Darmae mengatakan ada aspek teknis dan nonteknis dalam restorasi gambut. Segi teknis mencakup dikembalikannya fungsi hidrologi, perlindungan keaneka ragaman hayati, dan penurunan emisi gas rumah kaca. Nonteknis bisa mencakup politik anggaran, regulasi dan peran masyarakat.

Agar BRG berhasil, baik Darmae maupun Sipeth sepakat regulasi, terutama RTRW, perlu tertib dan pemberdayaan masyarakat perlu direalisasi.

Sipeth mencontohkan kelompok tani d Desa Jabiren, Kabupaten Pulang Pisau. Warga desa itu menyiram kebun karet mereka pagi dan siang dengan air sumur bor. Dengan demikian, lahan mereka luput dari kebakaran api akhir tahun lalu. Tetapi kelompok-kelompok lain di desa itu belum memiliki perangkat sumur bor dan pompa. Kepada mereka perlu diberi akses bantuan dana, kata Sipeth.

Lebih jauh, kedua narasumber tersebut menekankan pencegahan kebakaran lebih penting daripada pemadaman kebakaran.
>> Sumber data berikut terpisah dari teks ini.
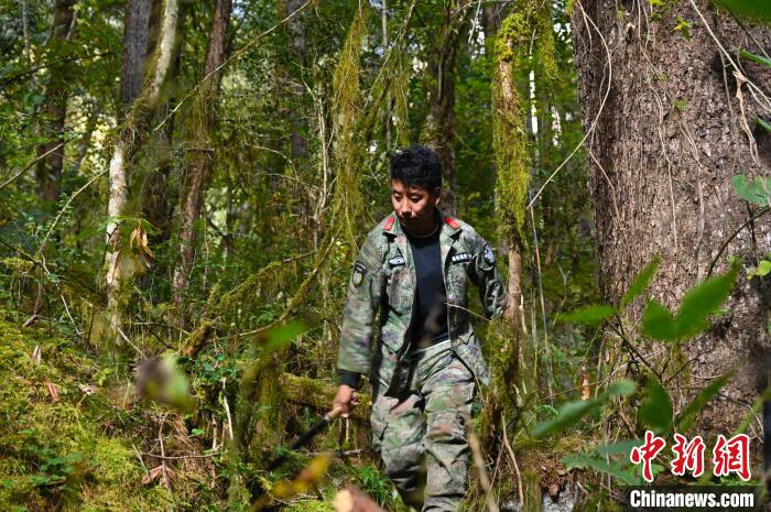 3名管護(hù)員到達(dá)格當(dāng)鄉(xiāng)最深處的一片原始森林。正值深秋,對于管護(hù)員們來說是最好的季節(jié),雨季結(jié)束,蚊蟲也少。他們僅帶了背包和道具,管護(hù)站副站長索朗羅珠說:“今天不用過夜,帶的裝備很簡單?!?/p>

Dengan pencegahan maka tidak timbul kabut asap berikut berbagai dampaknya.

Panel diskusi di lokakarya mengundang Nazir Foead, kepala BRG, yang dilantik di Istana Merdeka 19 Januari. Dalam lokakarya, Nazir diminta memaparkan agenda dan tantangan restorasi gambut di Indonesia. Nazir berhalangan hadir karena pada hari yang sama ia melantik lima pejabat eselon satu BRG: satu sekretaris dan empat deputi kepala.
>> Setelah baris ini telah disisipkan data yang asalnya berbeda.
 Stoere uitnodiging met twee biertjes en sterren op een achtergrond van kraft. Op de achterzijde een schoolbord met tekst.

Bupati Pulang Pisau, Edy Pratowo, juga diundang untuk menguraikan restorasi gambut di kabupatennya. Pulang Pisau adalah kabupaten prioritas restorasi gambut di Kalteng, tetapi Bupati Edy sedang umrah saat lokakarya berlangsung.

Lokakarya diikuti kunjungan kawasan pada hari kedua. Peserta meninjau tiga lokasi di luar Palangka Raya yang diketahui berhasil memadamkan kebakaran gambut dan melakukan tindak preventif. Tiga lokasi itu ialah hutan gambut hakmilik perseorangan Jumpun Pambelom (atinya ‘sumber kehidupan dalam bahasa Maayan untuk kata pertama dan bahasa Dayak Ngaju untuk kata kedua), Laboratorium Alam Hutan Gambut (LAHG) dari CIMTROP, dan Pusat Rehab Orang utan Yayasan BOS.
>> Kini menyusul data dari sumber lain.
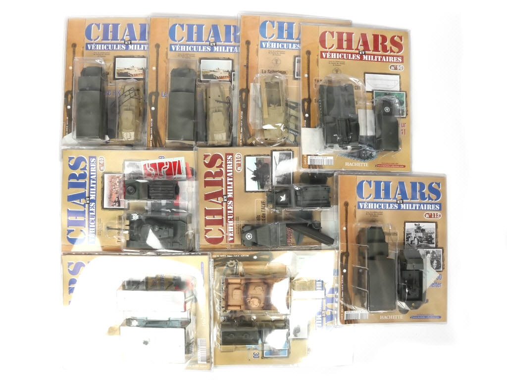 collection 'CHARS & VEHICULES MILITAIRES' - certains exemplaires en état 'A' avec quelques petits accessoires cassés - ensemble sous blisters jamais ouverts (certains en état 'c', avec fascicules)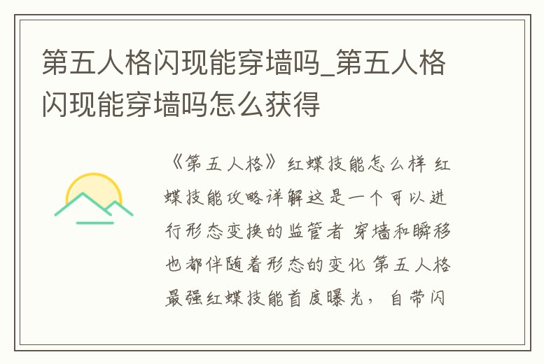 第五人格閃現能穿墻嗎_第五人格閃現能穿墻嗎怎么獲得
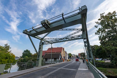 Nowy Dwor Gdanski, Pomorskie / Poland - September, 22, 2020: A drawbridge in a small town in Pomerania. Passage for cars on the Tuga River. Autumn season.

Peserta lokakarya ialah Intan Hamid, harian Mercusuar di Palu; Yani Basaroni, Koran Babel, Pangkalpinang; Sumarlin, ZonaSultra.com, Kendari; Veby Riki Yanto, valora.co.id, Padang; Lorni Nur Intan Sinaga, RRI, Kota Bengkulu; Mursalin, harian Republika, biro Bandarlampung; Nico Pattipawae, SCTV, biro Manokwari; Rendhik Andika, ANTARA, biro Palangka Raya; Gilang Rahmawati, harian Kalteng Pos, Palangka Raya; Ahmad Sidik, harian Tribun Kaltim, Balikpapan.